4.1 Component Dependency Graph¶

api/main.py (FastAPI)
    |
    +-> api/routes/trial_clinical.py (22 endpoints)
    |       |
    |       +-> src/agent.py (TrialIntelligenceAgent)
    |       |       |
    |       |       +-> src/rag_engine.py (TrialRAGEngine)
    |       |       |       |
    |       |       |       +-> src/collections.py (14 schemas)
    |       |       |       +-> src/query_expansion.py (10 maps)
    |       |       |
    |       |       +-> src/clinical_workflows.py (10 workflows)
    |       |       |       |
    |       |       |       +-> src/decision_support.py (5 engines)
    |       |       |       +-> src/knowledge.py (domain knowledge)
    |       |       |       +-> src/models.py (data contracts)
    |       |       |
    |       |       +-> src/cross_modal.py (4 agent integrations)
    |       |
    |       +-> src/export.py (report generation)
    |
    +-> api/routes/reports.py (2 endpoints)
    +-> api/routes/events.py (2 endpoints)
    +-> src/metrics.py (Prometheus)
    +-> config/settings.py (TrialSettings)

4.2 Module Roles¶

Module	Role	Dependencies
`agent.py`	Orchestrator: plan, search, evaluate, synthesize	rag_engine, workflows, cross_modal
`rag_engine.py`	Multi-collection RAG with weighted retrieval	collections, query_expansion
`clinical_workflows.py`	10 workflow implementations	models, knowledge, decision_support
`decision_support.py`	Quantitative scoring engines	models
`knowledge.py`	Static domain knowledge (40 trials, 13 areas, etc.)	-- (no dependencies)
`models.py`	Pydantic data contracts and enums	pydantic
`collections.py`	Milvus schema definitions	models, pymilvus
`query_expansion.py`	Synonym resolution and term expansion	models
`cross_modal.py`	Cross-agent HTTP integration	config/settings
`export.py`	Report formatting and export	models
`metrics.py`	Prometheus metric definitions	prometheus_client
`scheduler.py`	Timed ingest and maintenance	ingest, settings

5. RAG Engine Design¶

5.1 Multi-Collection Search Strategy¶

The RAG engine searches all 14 collections in parallel, with each collection receiving a workflow-specific weight.

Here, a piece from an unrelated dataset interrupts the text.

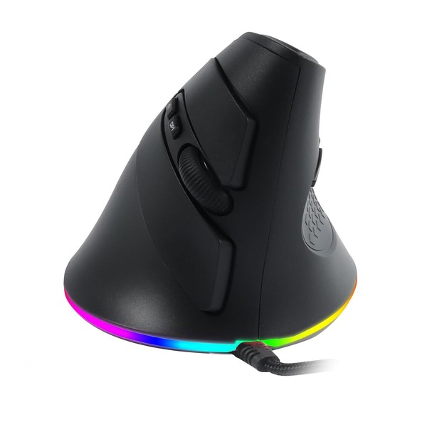 Vertical Mouse Wired 7 Buttons 6 DPI Modes Optical Gaming Mouse with LED Light Mode Switching Programmable Ergonomic Right Hand Vertical Large Size for PC Laptop Computer (Black)

Results are merged by weighted score and deduplicated.

Query
  |
  v
[Expand Query] --> query_expansion.py
  |
  v
[Embed] --> BGE-small-en-v1.5 (384-dim vector)
  |
  v
[Parallel Search] --> 14 collections x top_k results
  |
  +-> trial_protocols     (weight: varies by workflow)
  +-> trial_eligibility   (weight: varies by workflow)
  +-> ...
  +-> genomic_evidence    (weight: varies by workflow)
  |
  v
[Weight & Merge] --> score = raw_score * collection_weight
  |
  v
[Threshold Filter] --> remove if score < 0.4
  |
  v
[Re-rank] --> sort by weighted score descending
  |
  v
[Return top_k] --> TrialSearchResult list

5.2 Graceful Degradation Levels¶

Level	Milvus	LLM	Peer Agents	Capability
Full	Available	Available	Available	Complete RAG + synthesis + cross-agent
Search-only	Available	Unavailable	Any	Vector search with structured results
Workflow-only	Unavailable	Available	Any	Knowledge-based workflows + LLM synthesis
Minimal	Unavailable	Unavailable	Unavailable	Decision engines + knowledge base queries

6. Workflow Engine Design¶

6.1 Template Method Pattern¶

All workflows follow the BaseTrialWorkflow contract, which enforces a three-phase execution model:

class BaseTrialWorkflow(ABC):
    workflow_type: TrialWorkflowType

    def run(self, inputs: dict) -> WorkflowResult:
        processed = self.preprocess(inputs)    # validate, normalize
        result = self.execute(processed)        # core logic
        result = self.postprocess(result)       # enrich, add warnings
        return result

6.2 Workflow Routing¶

The WorkflowEngine maps TrialWorkflowType enum values to workflow class instances, enabling both automatic detection from query text and explicit routing via the API:

Query Text --> [Detect Keywords] --> TrialWorkflowType
    |
    v
WorkflowEngine.dispatch(workflow_type, inputs)
    |
    v
[Specific Workflow Instance].run(inputs)
    |
    v
WorkflowResult

6.3 Collection Weight Boosting¶

Each workflow overrides the default collection weights to prioritize domain-relevant evidence. For example, the Safety Signal workflow boosts trial_safety to 0.25 (vs. default 0.08), ensuring adverse event data surfaces prominently.

7. Decision Support Architecture¶

7.1 Engine Independence¶

All five decision support engines are stateless, pure-function classes with no external dependencies (no Milvus, no LLM, no network calls). This ensures they operate at every degradation level.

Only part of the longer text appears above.